**What this task involves**
Leave out the pictures and restate exactly, and only, the lines from the one that contains "Parlak siyah renkte, tokalı" through the final line of the material below.

**Data below**
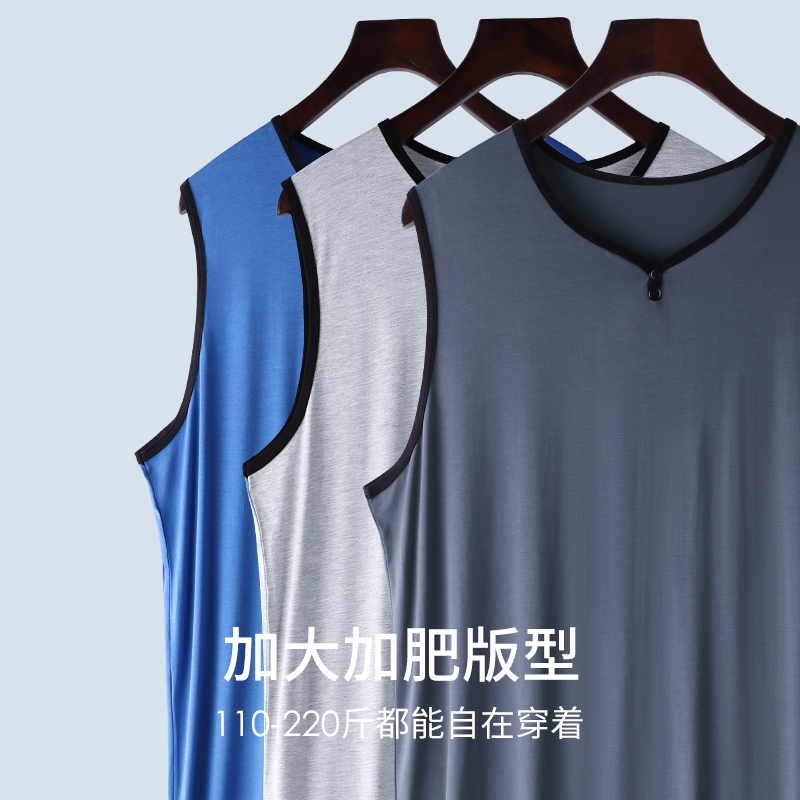男士莫代尔一体式睡裙夏冰丝背心睡衣大码宽松家居服睡袍长款浴袍
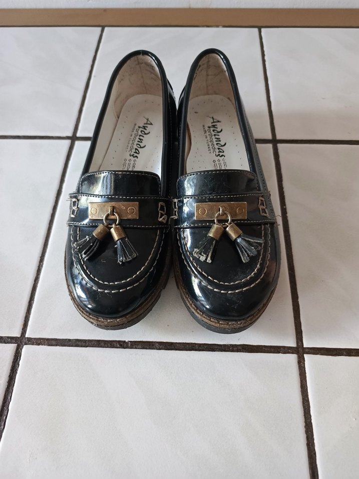 Parlak siyah renkte, tokalı ve baskılı detaylara sahip kız çocuk loafer ayakkabılar. Kauçuk malzemeden yapılmış, klasik tasarımlıdır.
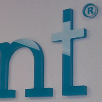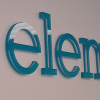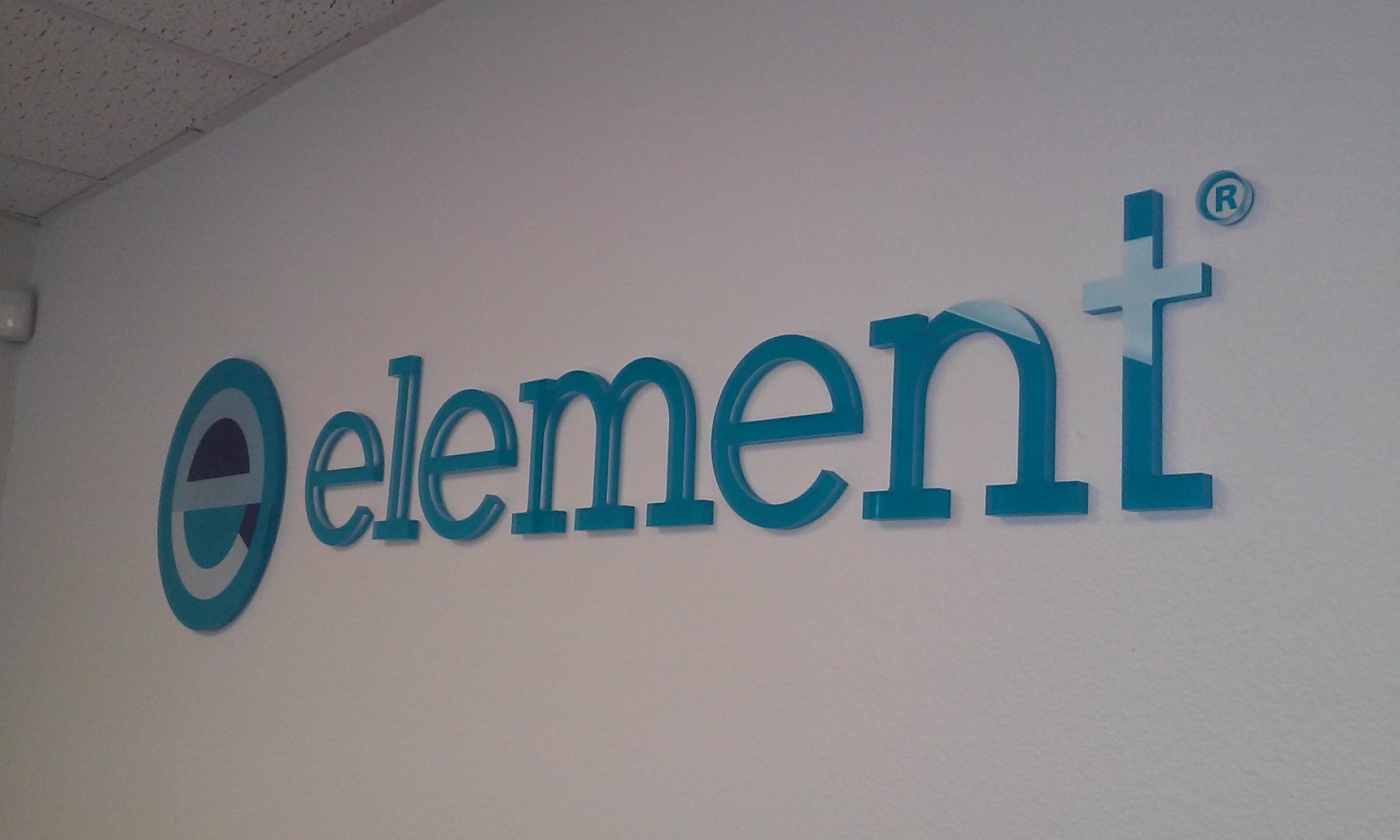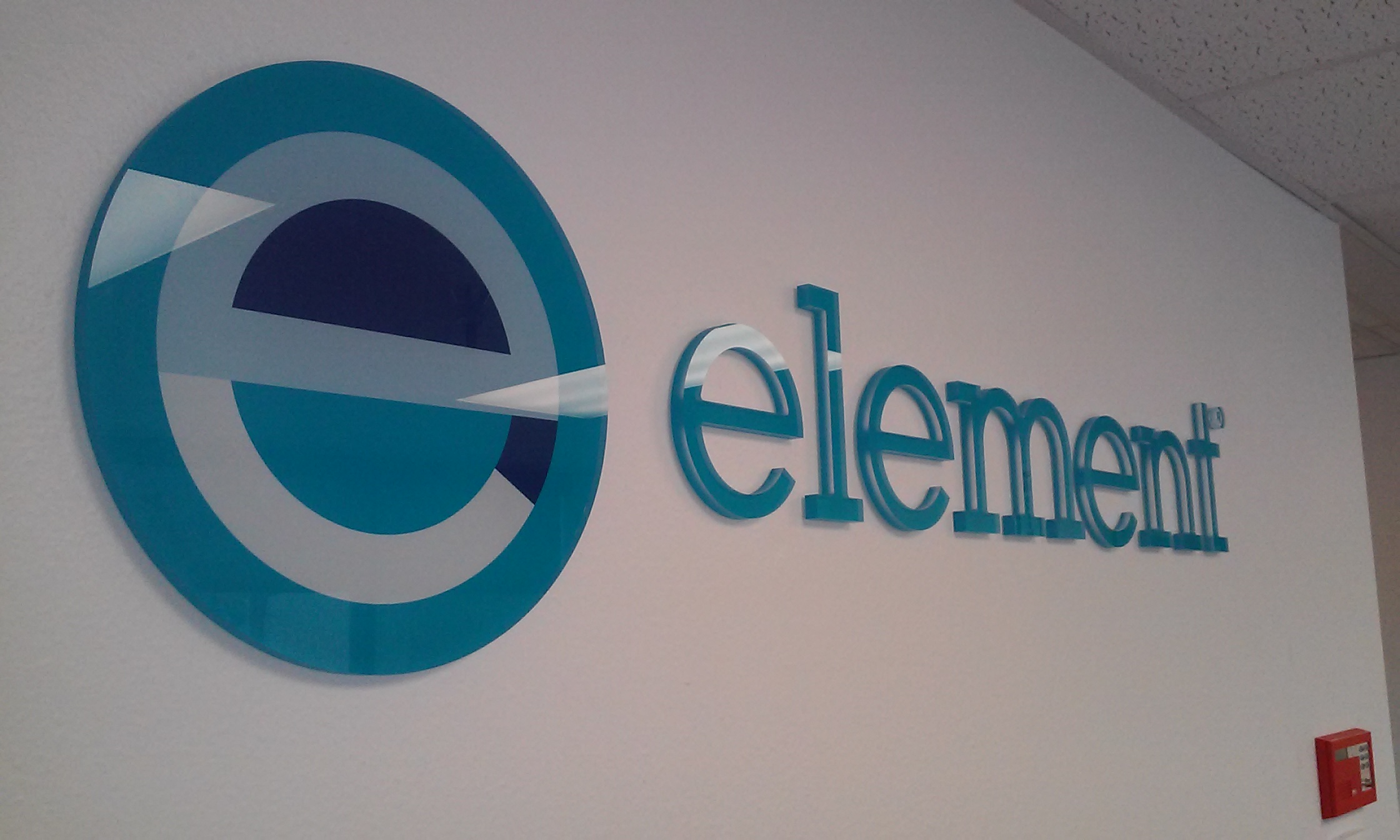 Element Materials, Huntington Beach, CA. 1/2" clear acrylic letters, backface printed.

**Solution to the problem**
 Parlak siyah renkte, tokalı ve baskılı detaylara sahip kız çocuk loafer ayakkabılar. Kauçuk malzemeden yapılmış, klasik tasarımlıdır.
 Element Materials, Huntington Beach, CA. 1/2" clear acrylic letters, backface printed.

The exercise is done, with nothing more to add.